The number 40 was chosen somewhat arbitrarily as a trade off between flash memory usage and performance. I tried values of 10, 20, 30, 40 and stopped there as the increase in speed was getting smaller and smaller to the point of irrelevance.
Once again, to see the effect of this code a logic analyser is required. Hooking up the trusty Ant18e yielded these captures.
The first capture shows the effect of the optimised /WR toggling. As expected we are achieving a fill rate of 8 megapixels/second.
The second capture shows how much overhead is added by the code that subtracts 40 from the total and jumps back to execute the next block of 40 pixels. It is 1 microsecond.
So is it worth this hand-optimisation? Yes it definitely is. In the following sections where I show the panel drivers that I’ve written, the accompanying videos are all running this driver. You can see how fast the screen clearing, rectangle drawing, gradient drawing and solid ellipse drawing operations are for yourself.
Optimising the line drawing algorithm
The first versions of my driver code featured the Extremely Fast Line Drawing Algorithm. It seemed to perform well and so I didn’t turn my attention to optimising it.

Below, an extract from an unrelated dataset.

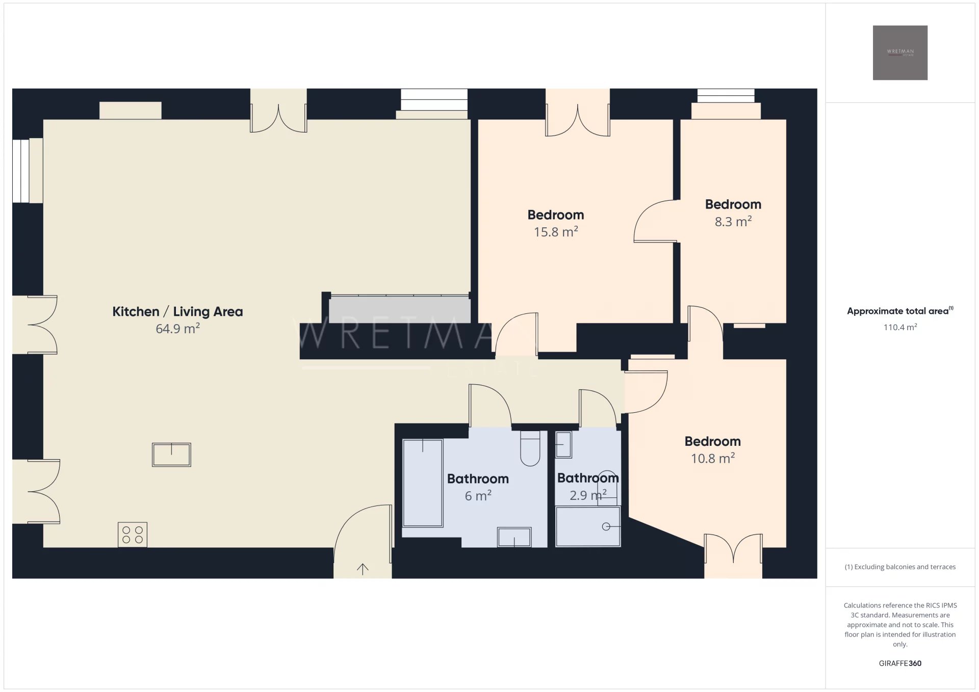 The apartment features three cosy bedrooms, two of which have their own private balconies. The living room offers the possibility to create a fourth bedroom. You will also find a modern shower room and a bathroom with heated towel rails.

Recently however, I was tipped off that the EFLA was suboptimal on an MCU without an intrinsic divide instruction and that the classic Bresenham would probably be be better. Time for some profiling. I implemented the Bresenham algorithm using the pseudo-code in the Wikipedia article under the Simplification header.
My pseudo-random line drawing example code runs over a fixed 5 second period. These are the timings that I got on an ILI9325 panel in 64K colours and portrait mode:
Algorithm | Lines drawn in 5 seconds |
---|---|
EFLA | 1055 |
Bresenham | 1110 |
Sure enough Bresenham is slightly faster. Not much, but enough to get me thinking about whether it could be further optimised for this library. In producing an optimised implementation we rely on some basic facts:
- All the pixels in the line are the same colour.

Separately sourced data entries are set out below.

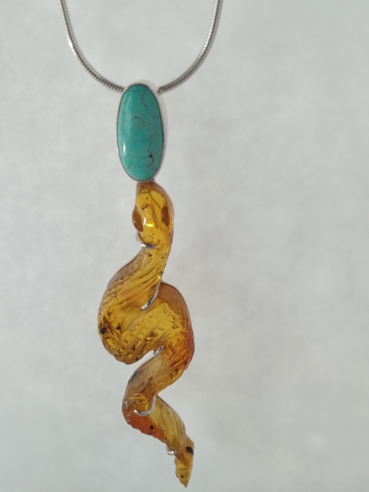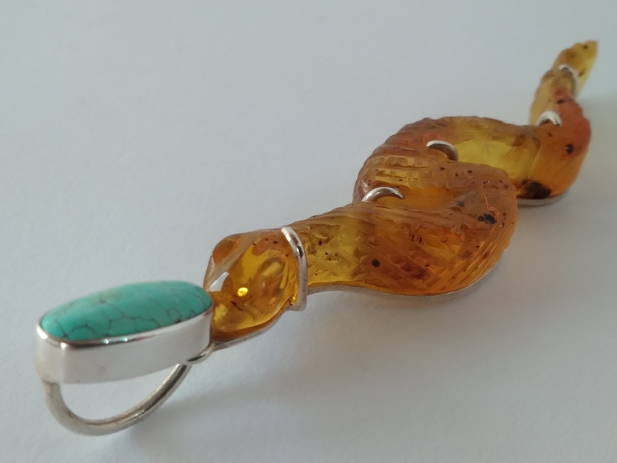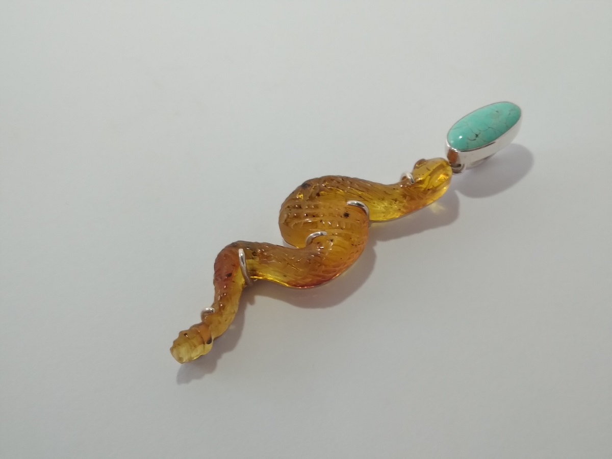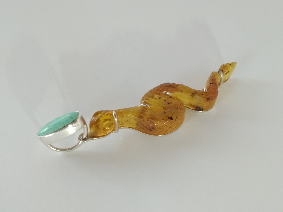 Este dije tallado finamente con forma de serpiente en ámbar amarillo, está montado con uñas de plata para lograr ver en su totalidad la pieza de ámbar. Tiene una turquesa que hace resaltar el color ambarino. Con pasacadena oculto de plata .925, Código 1524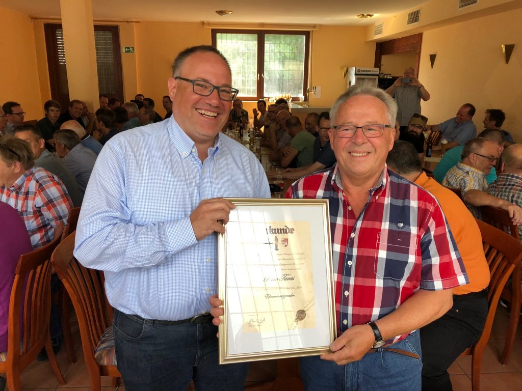 Der ehemalige Vorsitzende Peter Taras wurde unter dem Applaus der Mitglieder in den Ehrenvorstand berufen. Taras, der 52 Jahre Mitglied der Bruderschaft ist, diente nicht nur in seinem Jägerzug „St. Hubertus“ als Spieß und Hauptmann, sondern war auch fast ein Vierteljahrhundert in verschiedenen Vorständen vertreten. Dort hatte er die Ämter des Adjutanten des Oberst und Grenadiermajors inne, war dann Grenadiermajor und schließlich Vorsitzender. Er und seine Frau Helga waren außerdem das Hemmerder Königspaar des Jahres 2005/06. Der 1. Vorsitzende Markus Deuß überreichte ihm unter Anwesenheit des Präses Andreas Schönfeld die Ernennungsurkunde als Ehrenvorstandsmitglied. Als eines von vier Mitgliedern des Ehrenvorstands darf er sich nun, gemäß seines höchsten erreichten Ranges, Ehrenvorsitzender nennen.Die weiteren Versammlungspunkten beschäftigten sich mit den Vorbereitungen des Schützenfestes und den anstehenden Terminen, die Hutsammlung wurde für die Bruderschaftsaktionen für die Hemmerder Kinder, hier den Kinderferienspaß, die Kirmesplatzeröffnung und die Zeltkirmes zur Spätkirmes.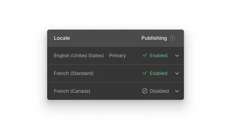 New locales can remain in draft until you’re ready to launch. Once publishing is enabled, that locale becomes live across your site.

- The panels provide ‘windowed’ output with auto-increment in the X-direction.
- The panels allow X and Y positions to be changed independently.

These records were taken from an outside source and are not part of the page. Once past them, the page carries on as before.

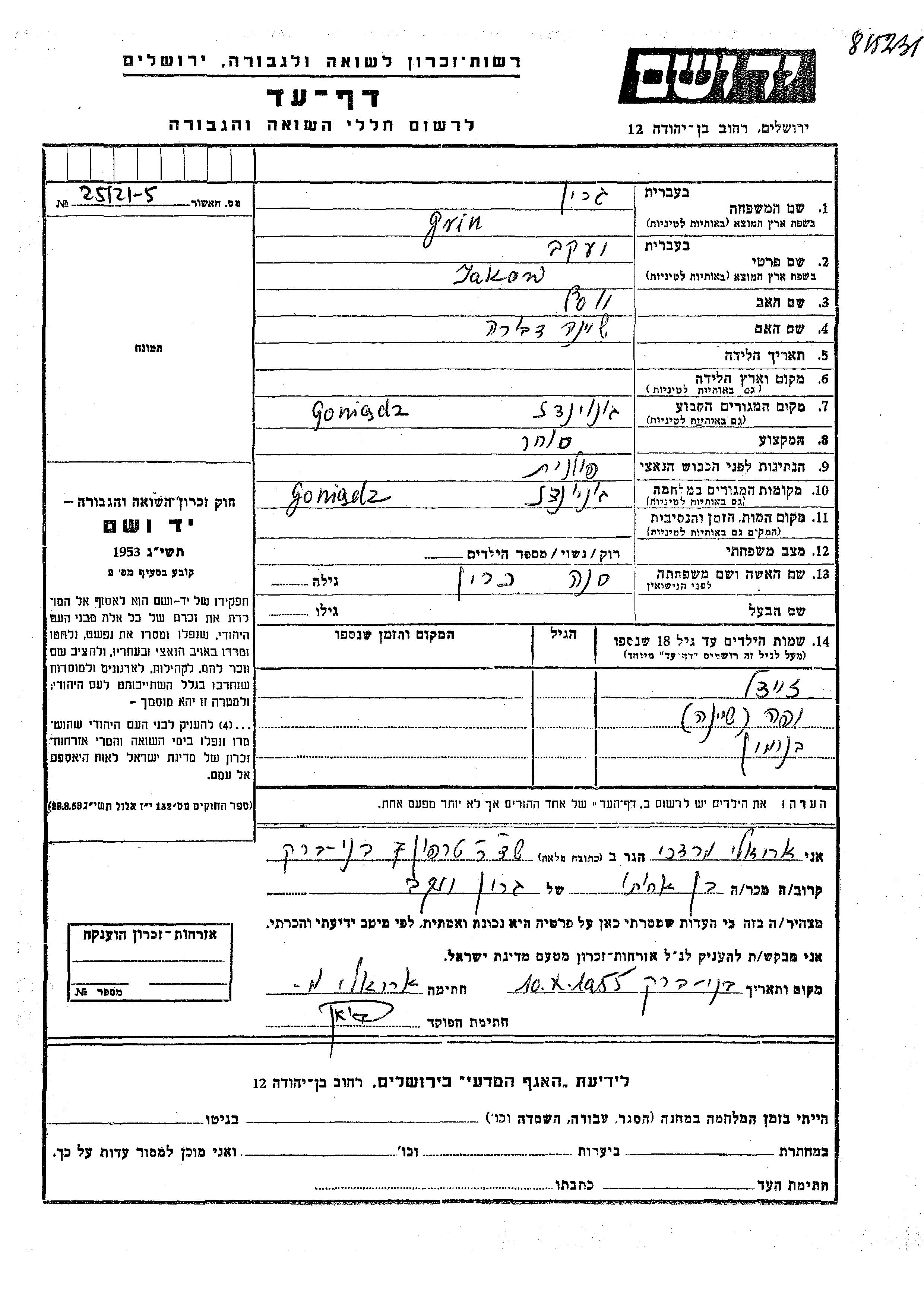 Yafa Sheina Grin wurde Sie war die Tochter von Jakow und Khana, geb. Brun. Sie war Kind. Vor dem Zweiten Weltkrieg lebte sie in Goniadz, Polen. Während des Krieges war sie in Goniadz, Polen.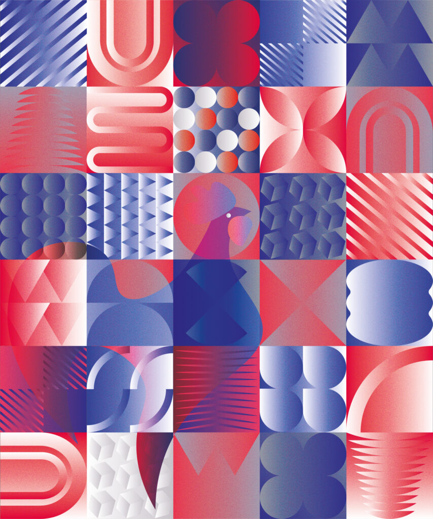 Un carré rouge utilisé comme signature graphique dans toute l’iconographie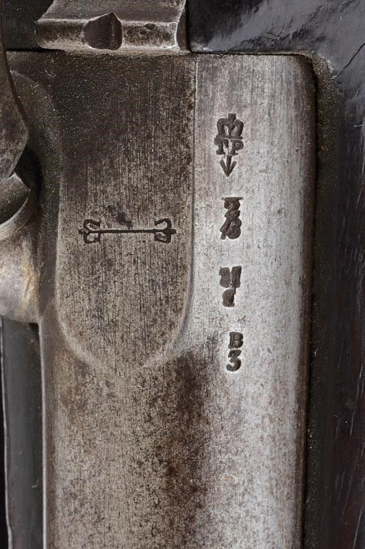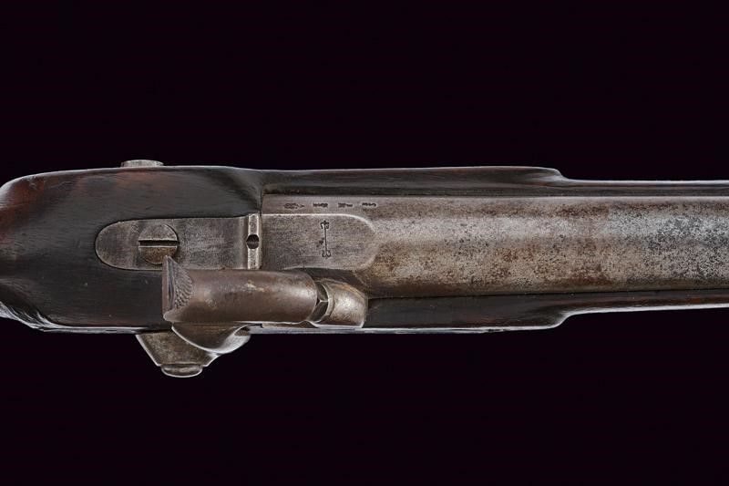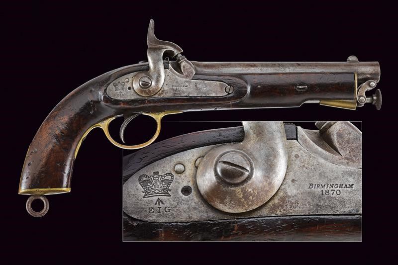 Birmingham, lunghezza 36 cm. Canna tonda liscia, con breve bindella alla base recante vari punzoni; mirino, cal. 15 mm. Codetta con alzo. Batteria a molla in avanti marcata 'EIG' sotto corona e '1870 BIRMINGHAM'. Cassa intera in legno con timbro 'WD' e 'ISAAK HOLLIS SONS'. Fornimenti in ottone, la bacchetta a snodo e l'anello di sospensione in ferro.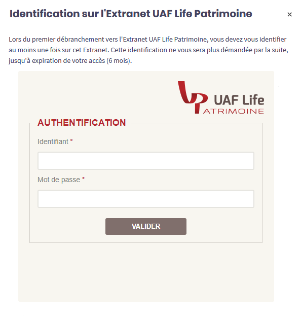 Il s’agit de vos codes d’accès à l’extranet UAF LIFE Patrimoine.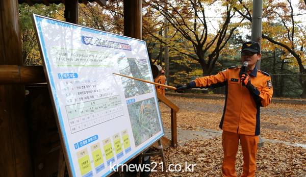 이날 훈련은 11월 불조심 강조의 달을 맞아 화재예방 경각심을 고취시키고 산불이 발생함에 따라 대처능력을 배양시키기 위해 마련됐다. 대원들은 훈련 도중 비가 옴에도 불구하고 제 역할을 수행하는데 매진했다.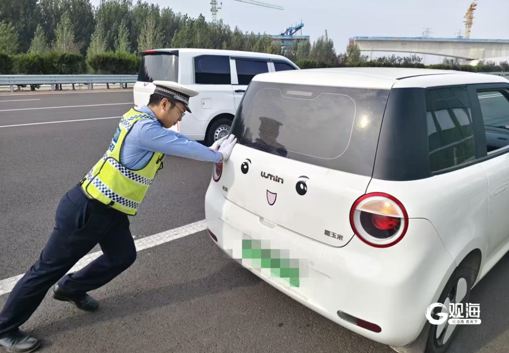 10月1日14时许,董胶高速公路大队五中队民辅警在沈海高速黄岛服务区疏导交通时,发现在服务区匝道入口不远处,一辆轿车打着双闪停在路边。经了解,该车因电量耗尽无法移动,民警迅速在后方做好警示提醒,并协助驾驶人将车推移至服务区内进行充电,及时消除了安全隐患。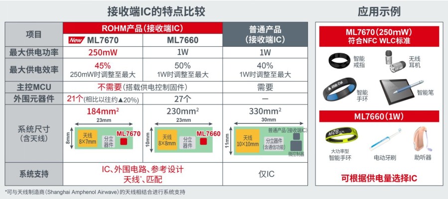 此次推出的芯片组基于ROHM广受好评的ML7660/ML7661系列进行优化开发,将最大供电量调整为250mW,更符合小型设备的实际需求。ML7670接收端IC在保持2.28mm×2.56mm×0.48mm超小尺寸的同时,实现了45%的供电效率。通过优化线圈匹配、整流电路设计以及降低开关器件损耗,该芯片组在同等功率输出条件下展现出超越行业平均水平的能效表现。特别值得一提的是,芯片内部已集成无线供电所需固件,无需外置主控MCU,为开发者节省了宝贵的PCB空间和开发周期。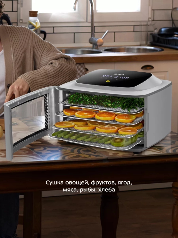 Электрическая сушилка Kitfort КТ-4906 предназначена для сушки овощей, фруктов, ягод, грибов, корнеплодов, трав и зелени, а также мяса и рыбы, хлеба.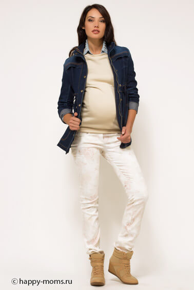 Сезон: Демисезонный. Очень женственная модель брюк, с оригинальным цветочным рисунком. Благодаря облегающему покрою модель сделает Ваши бедра и ножки визуально стройнее, не создавая при этом никаких неудобств для растущего животика. Прекрасно подойдет как для торжественных случаев, так и для неформального общения. Прекрасно будет сочетать со свитерами и блузками любой расцветки, позволяя составлять различные комплекты. Низкая эластичная вставка спереди, высотой – 8 (±1см). Регулировка объема для животика осуществляется при помощи резинки, продетой в пояс брюк. Резинка фиксируется на расположенную сбоку (внутри) пуговицу. Отлично смотрится на любом сроке беременности, а так же после рождения малыша. Стандартная длина по внутреннему шву - 82 см., Если Вам необходима длина 88 см, укажите это при оформлении, в пожелании к заказу. На фото: модель, рост 170 см., обхват груди - 85 см, обхват бедер 94 см, имитация 5-го месяца беременности, размер товара 42.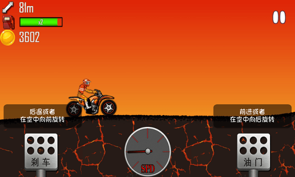 3、简单清新的游戏画面风格,只需要操作油门和刹车按钮就可以在滚动的斜坡上运行。

Here’s the resulting code:
template<class TDevice,class TAccessMode>
inline void GraphicsLibrary<TDevice,TAccessMode>::drawLine(const Point& p1,const Point& p2) const {
// optimisation for straight lines. filling rectangles is much more efficient than plotting points
if(p1.X==p2.X)
fillRectangle(Rectangle(p1.X,Min(p1.Y,p2.Y),1,Abs(p2.Y-p1.Y)+1));
else if(p1.Y==p2.Y)
fillRectangle(Rectangle(Min(p1.X,p2.X),p1.Y,Abs(p2.X-p1.X)+1,1));
else {
int16_t x0,x1,y0,y1;
x0=p1.X;
y0=p1.Y;
x1=p2.X;
y1=p2.Y;
if(x0>x1) {
// the optimiser does this swap method faster than
// the xor-trick
int16_t t;
t=x0;
x0=x1;
x1=t;
t=y0;
y0=y1;
y1=t;
}
// calculate constants up-front
int16_t dx=x1-x0;
int16_t dy=Abs(y1-y0);
int16_t sy=y0<y1 ? 1 : -1;
int16_t mdy=-dy;
int16_t err=dx-dy;
bool xinc;
// set the drawing rectangle that we need and plot the first point
this->moveTo(x0,y0,this->getXmax(),this->getYmax());
this->beginWriting();
this->writePixel(_foreground);
while(x0!=x1 || y0!=y1) {
int16_t e2=2*err;
if(e2>mdy) {
err-=dy;
x0++;
// make a note that X has incremented
xinc=true;
}
else
xinc=false; // nothing happened to X
if(x0==x1 && y0==y1) {
if(xinc) {
// plot the pending X increment before returning
this->writePixelAgain(_foreground);
break;
}
}
if(e2<dx) {
err+=dx;
y0+=sy;
// Y has changed. We're going to have to do a complete
// pixel write after we've moved the bare minimum of
// window pointers
if(xinc)
this->moveX(x0,this->getXmax());
this->moveY(y0,this->getYmax());
this->beginWriting();
this->writePixel(_foreground);
}
else {
// Y has not changed, if X has changed then all we need
// to do is push out another pixel
if(xinc)
this->writePixelAgain(_foreground);
}
}
}
}
The algorithm should be recognisable from the Wikipedia article. I initially set a window that extends from the first point to the far right and bottom of the panel. This means that in cases where two horizontal pixels have to be written out together I can omit the cursor movement entirely because the panel has done it automatically for me.
When I do have to move the cursor I am careful to only move it in the horizontal or vertical direction that’s required.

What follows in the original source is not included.